Why is it gaining traction?

The hook is the generator-critic wall: most prompting techniques mix generation and evaluation in the same pass, which lets the inner critic strangle creative ideas before they fully form. adhd enforces a hard separation--branches never see each other during divergence, eliminating anchoring by construction. The 15 cognitive frames are the real differentiator; they don't just vary the next step, they re-ask the entire problem from a fundamentally different vantage point. The eval suite that ships with it is also notable--it benchmarks adhd against a single-shot baseline using an LLM-as-judge, which gives the approach some empirical teeth.

Who should use this?

Senior engineers and architects facing open-ended design decisions: sharding strategies, API surface design, naming, fuzzy debugging, or anything where you'd say "give me a few ways to..." The sweet spot is problems where the textbook answer is probably a trap. Not useful for bug fixes with known root causes or anything a junior would Google in two minutes.
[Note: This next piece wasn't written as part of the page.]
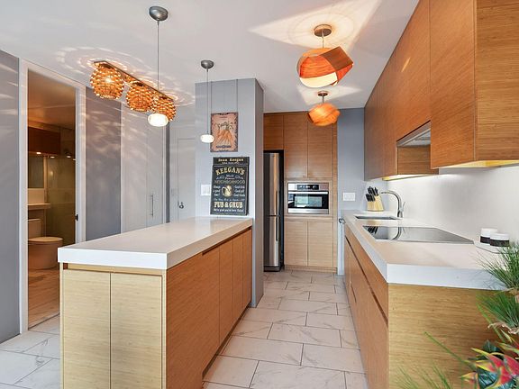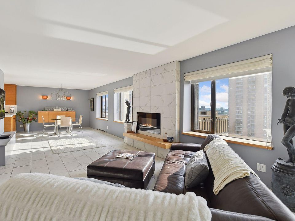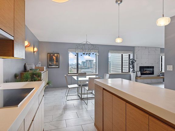 Welcome to this beautiful open concept condominium featuring a sleek Scandinavian-design aesthetic. Two units have been seamlessly combined to create a spacious living space designed by the renowned Partners 4 Design. Step inside and be greeted by a warm and inviting ambiance. The interior boasts etched glass doors, elegant floor-to-ceiling marble, and porcelain stone tile throughout. Take in the stunning urban skyline while cozying up to the fireplace. The kitchen is a chef's dream showcasing bamboo cabinets, an island, an 8 ft. buffet, stone and Corian countertops and backsplash. High-end appliances complete the modern kitchen. Custom under cabinet lighting and roll-out kitchen cabinet shelves offer convenience and functionality. Both bathrooms feature stunning glassed-in shower/bathtub combinations and custom cabinets. The master bedroom suite boasts ample space and custom closets. Don't miss the opportunity to make this stunning condominium your own!

If you're building complex multi-agent systems, the library API lets you call it at decision points inside your own planning loops.

Verdict

The concept is solid and the execution is thoughtful, but the project has only 16 stars and a credibility score of 0.9%, so treat it as an early-stage experiment rather than production-ready infrastructure. The eval suite and documentation are more mature than the adoption metrics suggest, which makes it worth watching--but don't bet a critical architecture decision on it without running your own experiments first.